Task 1: Run Playground with the given settings by doing the
following:
- Click the Run/Pause button:

- Watch the Test loss and Training loss values change.
- When the Test loss and Training loss values stop changing
or only change once in a while, press the Run/Pause button
again to pause Playground.
Note the delta between the Test loss and Training loss. We'll try to reduce this
delta in the following tasks.
Task 2: Do the following:
- Press the Reset button.

- Modify the Learning
rate.
- Press the Run/Pause button:
- Let Playground run for at least 150 epochs.
Is the delta between Test loss and Training loss lower or
higher with this new Learning rate? What happens if you modify both
Learning rate and
batch size?
Optional Task 3: A slider labeled Training data percentage
lets you control the proportion of training data to test data.
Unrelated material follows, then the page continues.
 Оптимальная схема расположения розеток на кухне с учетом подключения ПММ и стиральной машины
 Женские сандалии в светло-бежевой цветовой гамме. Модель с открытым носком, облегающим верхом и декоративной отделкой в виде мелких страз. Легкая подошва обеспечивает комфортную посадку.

For example,
when set to 90%, then 90% of the data is used for the training set and the
remaining 10% is used for the test set.
Do the following:
- Reduce the "Training data percentage" from 50% to 10%.
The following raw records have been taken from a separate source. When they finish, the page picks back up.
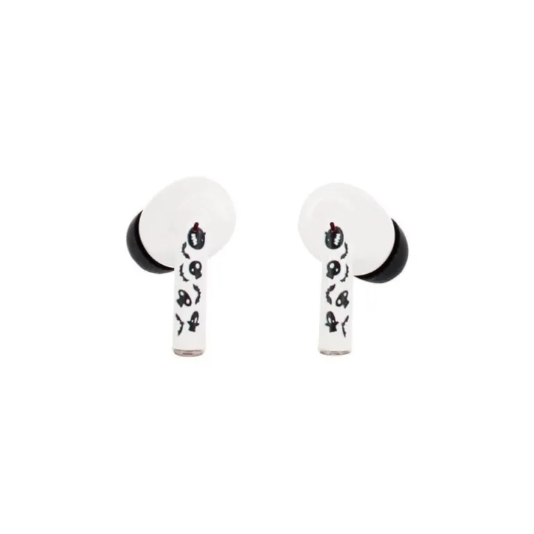 Descubre la magia de Pesadilla antes de Navidad con estos auriculares inalámbricos TWS Buds Pro de Jack Skellington. Con un diseño único y detalles cuidados, estos auriculares son un complemento perfecto para cualquier fan de la icónica película. El estuche de carga presenta la emblemática imagen de Jack, con su característico traje a rayas blancas sobre fondo negro, mientras que los auriculares en sí están adornados con pequeñas calaveras en blanco y negro, evocando el estilo inconfundible de Halloween Town.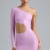 Metallic Cut-Out One-Shoulder Mini Dress in Violet Pink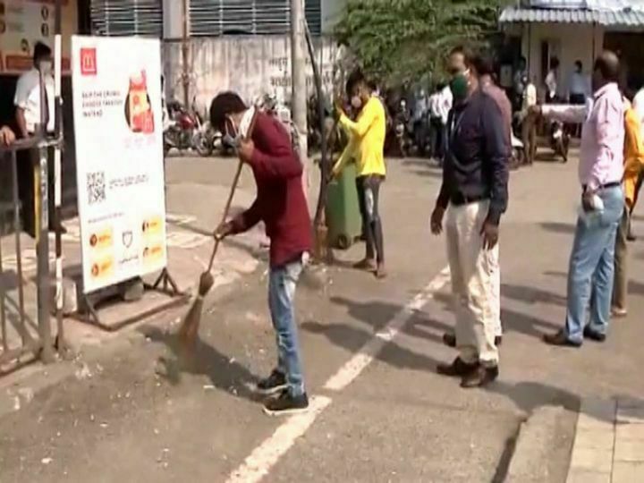 के-वेस्ट वार्ड में BMC ने 30 से ज्यादा लोगों से सड़क पर झाड़ू लगवाई।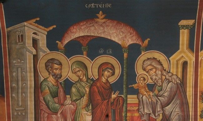 Посрещането на Богомладенеца Христос, дало името на днешния празник - Сретение Господне, и досега вълнува християнското сърце.

- Experiment with Learning rate and Batch size, taking notes on your
findings.
Does altering the training data percentage change the optimal
learning settings that you discovered in Task 2? If so, why?
Click the plus icon for the answer to Task 1.
With learning rate set to 3 (the initial setting),
Test loss is significantly higher than Training loss.
Click the plus icon for the answer to Task 2.
By reducing learning rate (for example, to 0.001),
Test loss drops to a value much closer to Training loss. In most runs,
increasing Batch size does not influence Training loss or Test
loss significantly. However, in a small percentage of runs, increasing
Batch size to 20 or greater causes Test loss to drop slightly
below Training loss.
Playground's data sets are randomly generated. Consequently, our
answers may not always agree exactly with yours.
Click the plus icon for the answer to Task 3.
Reducing the Training data percentage from 50% to 10% dramatically
lowers the number of data points in the training set. With so little data,
high batch size and high learning rate cause the training model to jump
around chaotically (jumping repeatedly over the minimum point).